> _What you need to do_
Below are the records; repeat exactly their lines between the line holding "Nylon backpack NCN010" and the line holding "If there is", inclusive, skipping the pictures.

──────── Supplied records

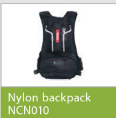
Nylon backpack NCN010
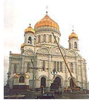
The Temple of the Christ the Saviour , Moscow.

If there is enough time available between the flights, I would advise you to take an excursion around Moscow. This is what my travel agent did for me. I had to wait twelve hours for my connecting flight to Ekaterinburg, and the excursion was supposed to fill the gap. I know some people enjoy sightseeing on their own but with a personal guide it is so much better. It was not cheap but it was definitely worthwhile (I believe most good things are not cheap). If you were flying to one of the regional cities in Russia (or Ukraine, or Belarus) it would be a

────────────────
──────── Supplied records

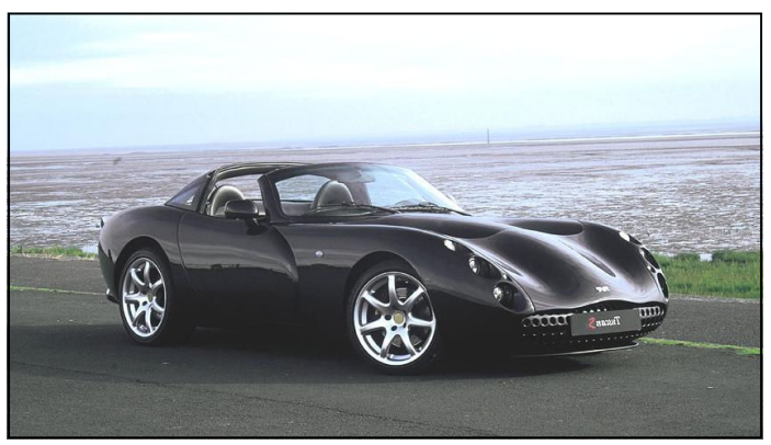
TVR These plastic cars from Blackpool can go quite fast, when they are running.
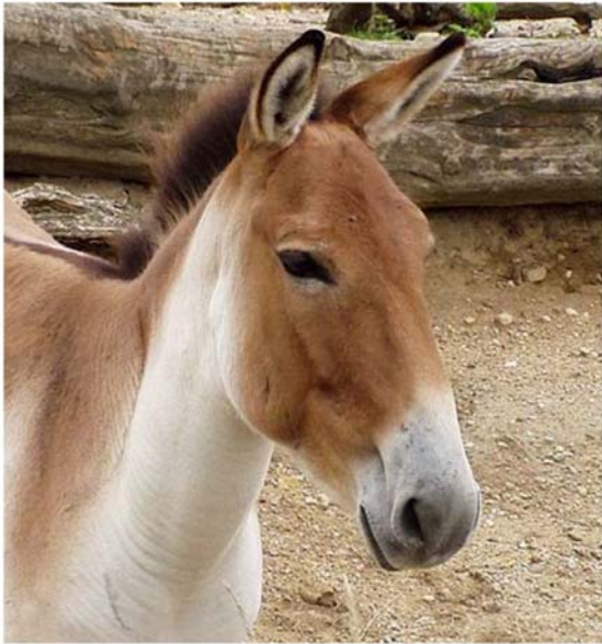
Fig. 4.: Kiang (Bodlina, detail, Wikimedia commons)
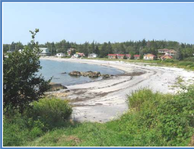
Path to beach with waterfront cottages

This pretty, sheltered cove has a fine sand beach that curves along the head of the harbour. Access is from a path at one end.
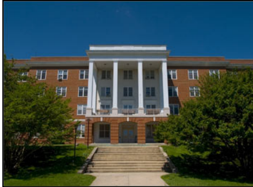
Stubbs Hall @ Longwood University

────────────────
──────── Supplied records

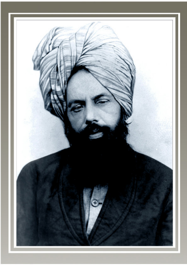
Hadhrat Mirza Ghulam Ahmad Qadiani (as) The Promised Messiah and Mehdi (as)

────────────────

> _Solution to the exercise_
Nylon backpack NCN010
The Temple of the Christ the Saviour , Moscow.

If there is enough time available between the flights, I would advise you to take an excursion around Moscow. This is what my travel agent did for me. I had to wait twelve hours for my connecting flight to Ekaterinburg, and the excursion was supposed to fill the gap. I know some people enjoy sightseeing on their own but with a personal guide it is so much better. It was not cheap but it was definitely worthwhile (I believe most good things are not cheap). If you were flying to one of the regional cities in Russia (or Ukraine, or Belarus) it would be a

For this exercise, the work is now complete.